After nearly 20 years of marriage, Ms. Sanders filed a petition for divorce. Two days after filing the petition, the trial court signed a consent judgment ordering that Ms. Sanders and Mr. Sanders “are authorized to enter into the Community Property Settlement attached to the Petition for Divorce.” Ms. Sanders and Mr. Sanders then executed a document entitled “Community Property Settlement,” which' was filed into the record of these proceedings the next day.

Approximately seven months later, Mr. Sanders filed a petition to rescind the community property settlement pursuant to La. C.C. art 814. He alleged that the community property settlement should be set aside due to lesion in that the value he received was less by more than one fourth of the fair market value of the portion he should have received.

At the trial of the matter, the trial court found that the community property settlement was an extrajudicial partition, thus subject to rescission for lesion. It also found that the settlement was lesionary. Therefore, it ordered the dissolution of the partition.

Ms. Sanders now appeals, asserting two assignments of error:

1) the trial court erred in finding that the partition was extrajudicial;
2) the trial court erred in finding that the partition was lesionary.

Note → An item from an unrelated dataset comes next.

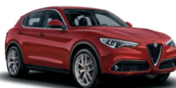
414 אדום אלפא

We first note the appellee, Mr. Sanders’, argument in brief that this appeal should be dismissed on the basis that the appeal was not timely filed since the appeal was filed 118 days after the notice of judgment was sent and since it was filed 76 days after the motion for new trial was dismissed. Our court’s jurisdiction depends on an appeal being timely filed. See Chamberlain ex rel. Wilmer J. v. Kennedy, 03-0488, pp. 6-7 (La.App. 1 Cir.12/31/03), 868 So.2d 753, 757-58. On review of the record, we conclude that the appeal has been timely filed and that we do have jurisdiction.

It is the duty of a- reviewing court to examine subject matter jurisdiction sua sponte. Whittenberg v. Whittenberg, 97-1424, pp. 2-3 (La.App. 1 Cir. 4/8/98), 710 So.2d 1157, 1158. “Whenever there is a serious issue regarding subject matter jurisdiction, a court (including an appellate court) should consider and rule on the issue at anytime, and the issue can even be raised by the court on its own motion.” Lowenburg v. Entergy New Orleans, Inc., 99-2894 p. 1 (La.12/17/99), 751 So.2d 868, 868 (Lemmon, J., concurring opinion).

Mr. Sanders argues that because the new trial motion was dismissed on Ms. Sanders’ motion rather than denied on the merits by the trial court, the appeal delays began from the date of the notice of judgment as if the motion for new trial had not been filed. La. C.C.P. art. 2087 provides in pertinent part that a devolutive appeal may be taken from within sixty days of any of the following:

(1) The expiration of the delay for applying for a new trial or judgment notwithstanding the verdict, as provided by Article 1974 and Article 1811, if no application has been filed timely.
|4(2) The date of the mailing of notice of the court’s refusal to grant a timely application for a new trial or judgment *467notwithstanding the verdict, as provided under Article 1914.

Our courts have interpreted this article to conclude that operative event to commence the appeal delays is trial court’s “acting on” the motion for new trial and not its specifically ruling on the merits of the motion. Succession of Tezeno v. Ordinario, 00-828, p. 5 (La.App. 3 Cir. 7/12/00), 771 So.2d 688, 689. Accordingly, the delay for taking a devolutive appeal could not have begun to run prior to the trial court dismissing Ms. Sanders’ motion for new trial.

Further, under La. C.C.P. art. 2087 A(2) it is the date of mailing the notice of the action on the new trial that specifically triggers the delay for filing the appeal. Here, the record contains no notice of the trial court’s action dismissing the motion for new trial. Only a minute entry informs us of the action. Since no notice has been sent, appeal delays have not yet begun to run. Even so, the appeal has been filed and granted, briefs have been filed, and the matter has been submitted to us for resolution.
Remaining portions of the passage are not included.